Cystic fibrosis, also referred to as CF or mucoviscidosis, is a disease that affects the respiratory, endocrine, reproductive and digestive systems. The most common, and dangerous, symptom that occurs in patients with cystic fibrosis is difficulty breathing; often caused by a secondary chest infection. However, other symptoms may include; thick mucus build-up, coughing, skin that tastes salty, sinus infections, stunted growth, diarrhea, and infertility. It is detectable before birth, but most commonly is discovered by a sweat test. Let’s take a look at what causes this disease.
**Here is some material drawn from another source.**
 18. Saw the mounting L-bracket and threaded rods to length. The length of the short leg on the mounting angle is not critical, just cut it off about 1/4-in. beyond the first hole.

What causes cystic fibrosis?
Cystic fibrosis is caused by a mutation in the gene for a protein called cystic fibrosis transmembrane conductance regulator. This protein controls the movement of water and salt in and out of cells. It also allows the body to regulate the composition of sweat, mucus and digestive juices. When this protein isn’t working it creates thick sticky mucus and extremely salty sweat. This mucus accumulates in the lungs and not only makes it hard to breathe, but also provides a breeding ground for bacteria that cause chest infections.
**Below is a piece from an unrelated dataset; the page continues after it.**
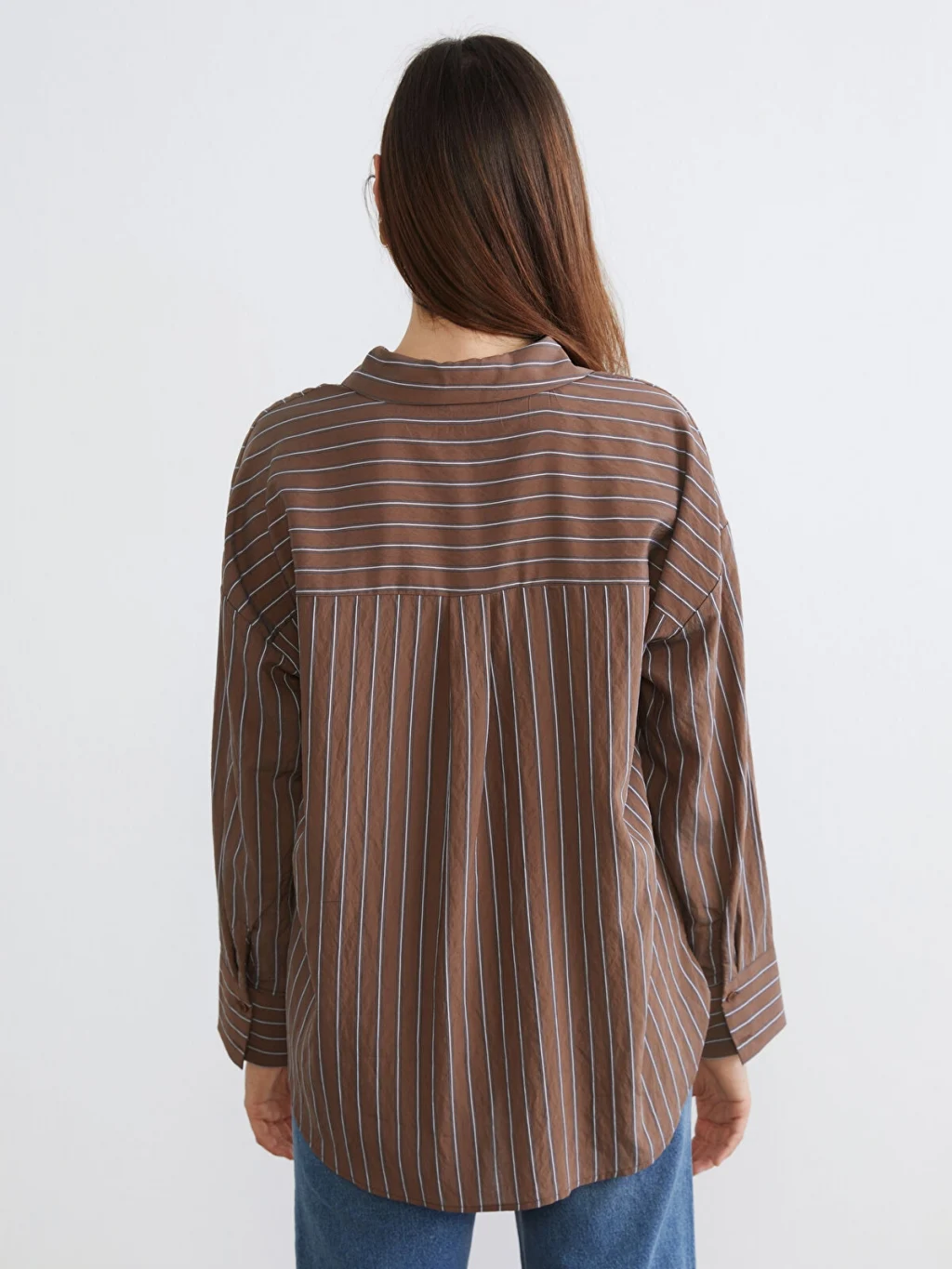 Çizgili desenli, uzun kollu kadın gömlek. Önden tam boy düğme kapamalı tasarıma sahiptir ve manşetleri düğmelidir.

The defective gene that causes cystic fibrosis is inherited. It takes two copies of the faulty gene, one from each parent, to cause cystic fibrosis. This means that many people carry one copy of the faulty gene without ever knowing it. In fact, it is estimated that 1 in 25 people from a Caucasian background carry 1 faulty gene that causes this disease!
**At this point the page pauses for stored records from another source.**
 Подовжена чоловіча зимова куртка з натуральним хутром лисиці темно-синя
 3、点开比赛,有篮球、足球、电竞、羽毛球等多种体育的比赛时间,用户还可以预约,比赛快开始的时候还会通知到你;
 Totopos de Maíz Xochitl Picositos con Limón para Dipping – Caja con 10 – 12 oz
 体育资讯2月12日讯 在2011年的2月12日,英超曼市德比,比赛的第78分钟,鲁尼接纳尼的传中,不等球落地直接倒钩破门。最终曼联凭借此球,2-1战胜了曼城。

There is no cure for cystic fibrosis and the disease must be carefully managed. Most patients require long-term antibiotics to prevent chest infections. They may also require techniques to dislodge the thick mucus. As the disease progresses mechanical breathing support and lung transplantation may be required. Life expectancy depends on the level of medical care. In the United States the average life expectancy is about 37 years.